J. Scott Applewhite / AP
Published Wednesday, Dec. 11, 2013 | 11:19 a.m.
Updated Wednesday, Dec. 11, 2013 | 12:20 p.m.
WASHINGTON — Thousands of Nevada’s long-term jobless should brace for losing their unemployment benefits, after lawmakers failed to fund extended assistance in a newly inked budget deal, Senate Majority Leader Harry Reid said today.
Without an extension, about 17,000 Nevadans will lose their benefits almost immediately, according to a state-by-state count released by Democrats on the House Ways and Means Committee. Another 21,900 Nevadans would see their unemployment insurance eligibility expire in the first six months of 2014.

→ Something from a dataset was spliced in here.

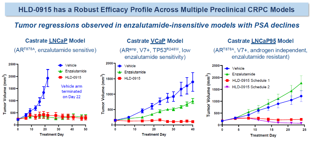 HLD-0915 的临床开发策略:2025 年在 mCRPC 中进行 1 期试验,乳腺癌的 IND(Investigational New Drug,新药临床试验申请)正在进行中,以及针对新肿瘤类型的产品线开发,同时也在探索超越肿瘤学的广泛平台。

“I’ll push for an extension when [the] Senate convenes after the New Year,” Reid tweeted this morning, complaining that an unemployment insurance extension should have been part of the deal.
Under the budget deal, federally funded emergency unemployment benefits beyond 26 weeks are scheduled to expire Dec. 28.
Jobless workers in Nevada, where the unemployment rate is still 9.5 percent, have been eligible for extra benefits up to 73 weeks.
Extending emergency unemployment benefits for a year would cost about $25 billion, according to the non-partisan Congressional Budget Office. That is almost the same amount by which the bipartisan agreement is expected to reduce the deficit over 10 years — $23 billion — according to House and Senate Budget Committee chairs Rep. Paul Ryan and Sen. Patty Murray.
Delaying a resolution on extending unemployment benefits until early next year all but ensures the issue will come up as Congress tackles passing new federal appropriations by Jan. 15, when the current continuing resolution — the one that ended the government shutdown — expires.
Senators are not scheduled to return to Washington, D.C., until Jan. 6; House members don’t return until Jan. 7.